Work item:
Within the listing below, give again exactly the lines between the one containing "党的十九大报告提出,()问题是关系国计民生的根本性问题。 A. 农业、农村、农民" and the one containing "So a federal", inclusive, pictures left aside.

Records supplied:
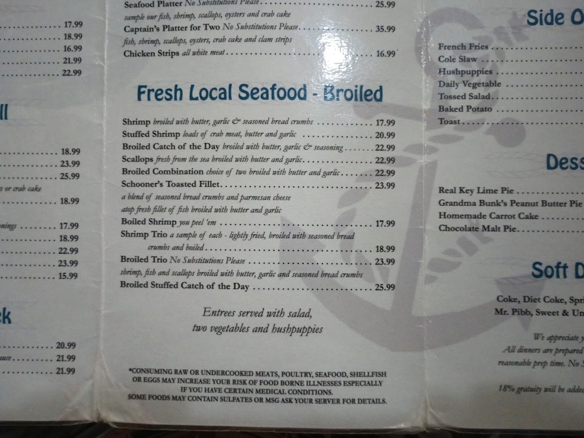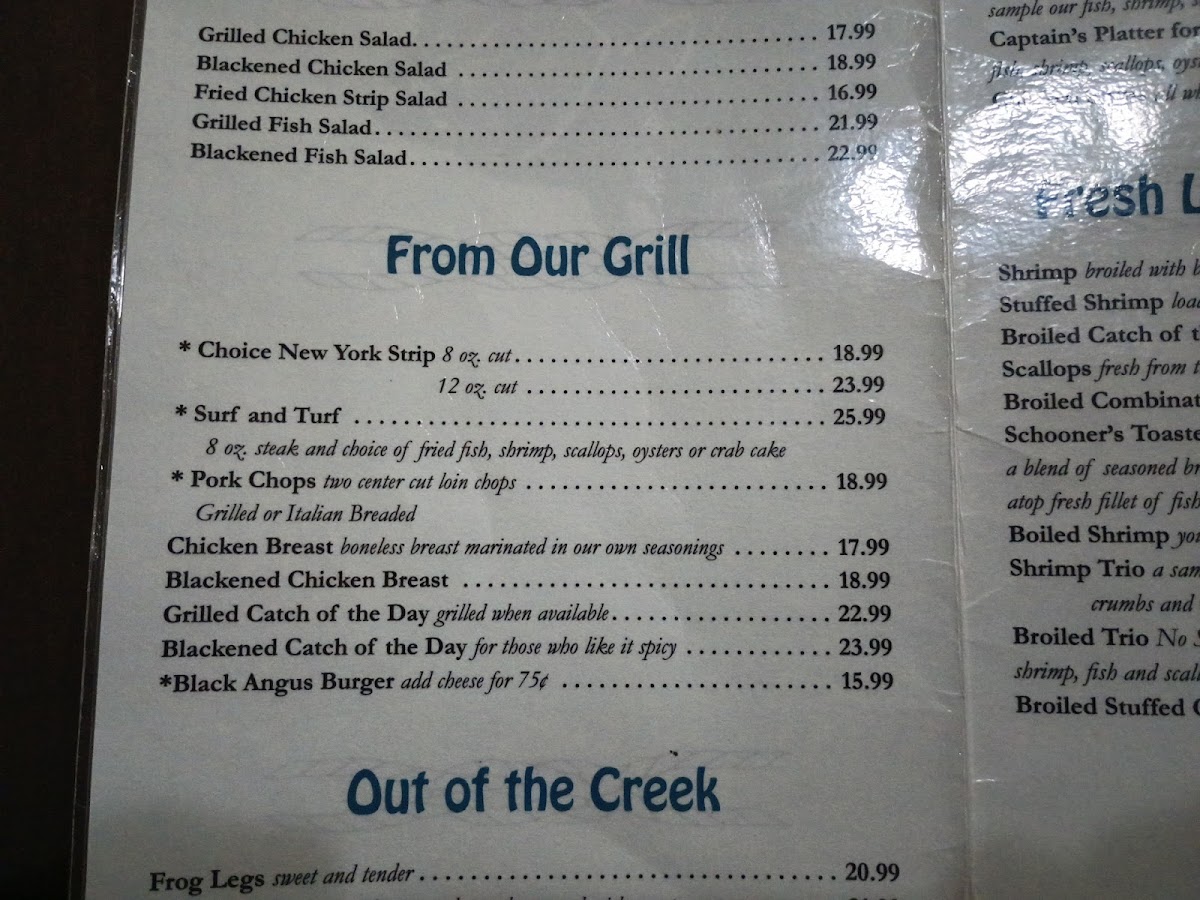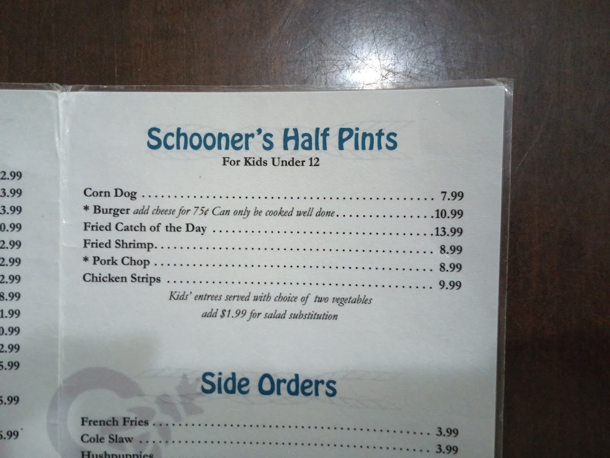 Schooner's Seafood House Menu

* * *

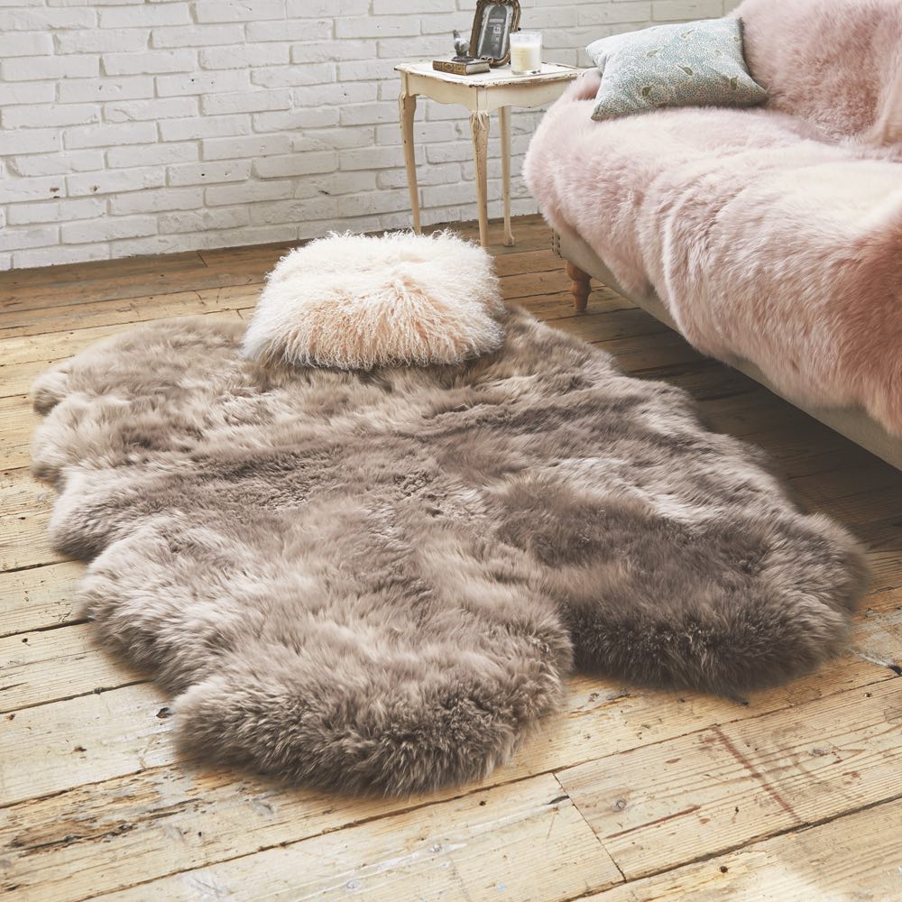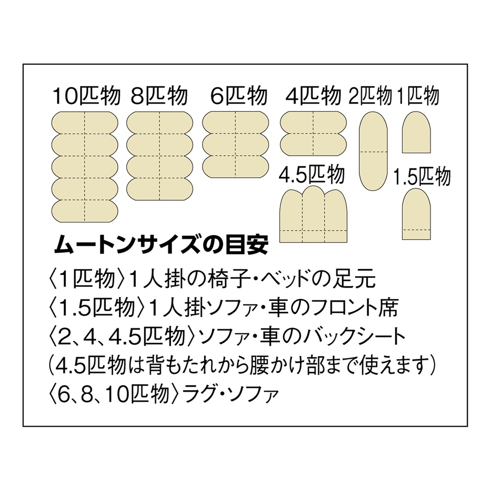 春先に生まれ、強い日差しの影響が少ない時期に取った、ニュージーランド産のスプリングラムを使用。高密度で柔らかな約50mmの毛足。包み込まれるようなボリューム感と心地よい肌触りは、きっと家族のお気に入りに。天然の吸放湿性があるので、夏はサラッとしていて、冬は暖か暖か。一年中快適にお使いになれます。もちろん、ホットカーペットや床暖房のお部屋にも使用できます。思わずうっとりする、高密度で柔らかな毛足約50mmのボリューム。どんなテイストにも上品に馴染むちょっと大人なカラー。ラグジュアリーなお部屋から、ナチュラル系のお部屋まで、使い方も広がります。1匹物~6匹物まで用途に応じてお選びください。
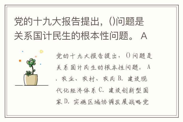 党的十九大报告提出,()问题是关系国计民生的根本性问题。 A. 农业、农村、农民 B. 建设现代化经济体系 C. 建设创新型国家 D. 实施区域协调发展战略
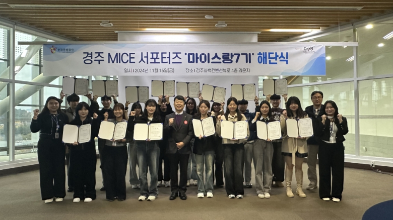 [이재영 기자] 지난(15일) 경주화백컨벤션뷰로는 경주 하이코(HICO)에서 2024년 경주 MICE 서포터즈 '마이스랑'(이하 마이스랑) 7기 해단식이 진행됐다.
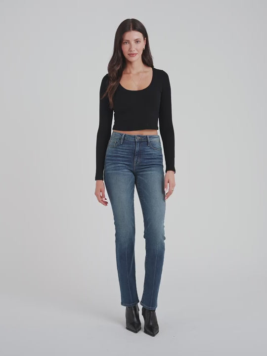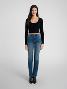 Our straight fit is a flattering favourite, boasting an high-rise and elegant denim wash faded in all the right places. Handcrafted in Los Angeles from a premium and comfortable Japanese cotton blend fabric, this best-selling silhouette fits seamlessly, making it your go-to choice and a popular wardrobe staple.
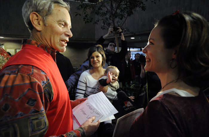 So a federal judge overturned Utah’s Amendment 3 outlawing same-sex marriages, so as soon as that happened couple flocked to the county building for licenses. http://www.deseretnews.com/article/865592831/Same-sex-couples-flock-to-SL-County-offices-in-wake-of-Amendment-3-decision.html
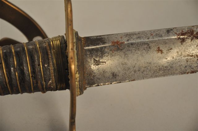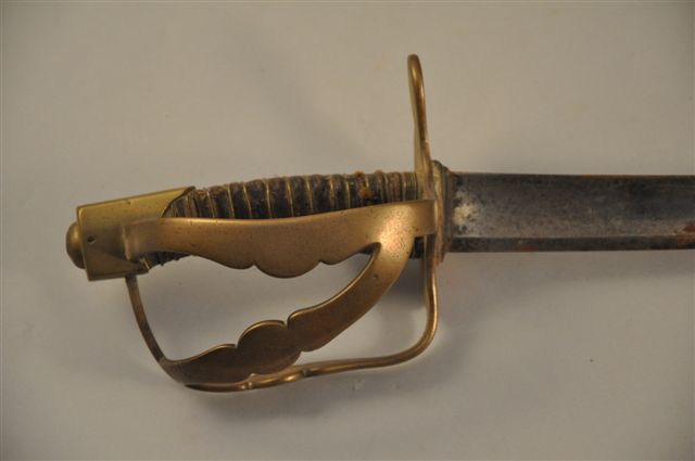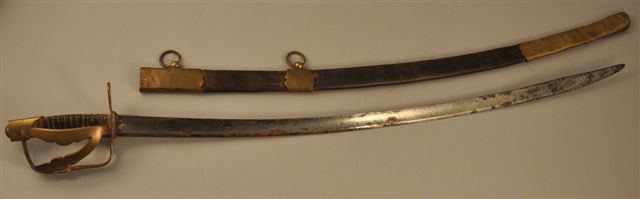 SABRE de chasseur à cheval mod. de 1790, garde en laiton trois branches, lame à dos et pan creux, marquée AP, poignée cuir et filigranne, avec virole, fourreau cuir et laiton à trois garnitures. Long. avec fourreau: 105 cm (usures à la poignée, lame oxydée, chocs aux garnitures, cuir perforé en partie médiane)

Answer section:
 党的十九大报告提出,()问题是关系国计民生的根本性问题。 A. 农业、农村、农民 B. 建设现代化经济体系 C. 建设创新型国家 D. 实施区域协调发展战略
 [이재영 기자] 지난(15일) 경주화백컨벤션뷰로는 경주 하이코(HICO)에서 2024년 경주 MICE 서포터즈 '마이스랑'(이하 마이스랑) 7기 해단식이 진행됐다.
 Our straight fit is a flattering favourite, boasting an high-rise and elegant denim wash faded in all the right places. Handcrafted in Los Angeles from a premium and comfortable Japanese cotton blend fabric, this best-selling silhouette fits seamlessly, making it your go-to choice and a popular wardrobe staple.
 So a federal judge overturned Utah’s Amendment 3 outlawing same-sex marriages, so as soon as that happened couple flocked to the county building for licenses. http://www.deseretnews.com/article/865592831/Same-sex-couples-flock-to-SL-County-offices-in-wake-of-Amendment-3-decision.html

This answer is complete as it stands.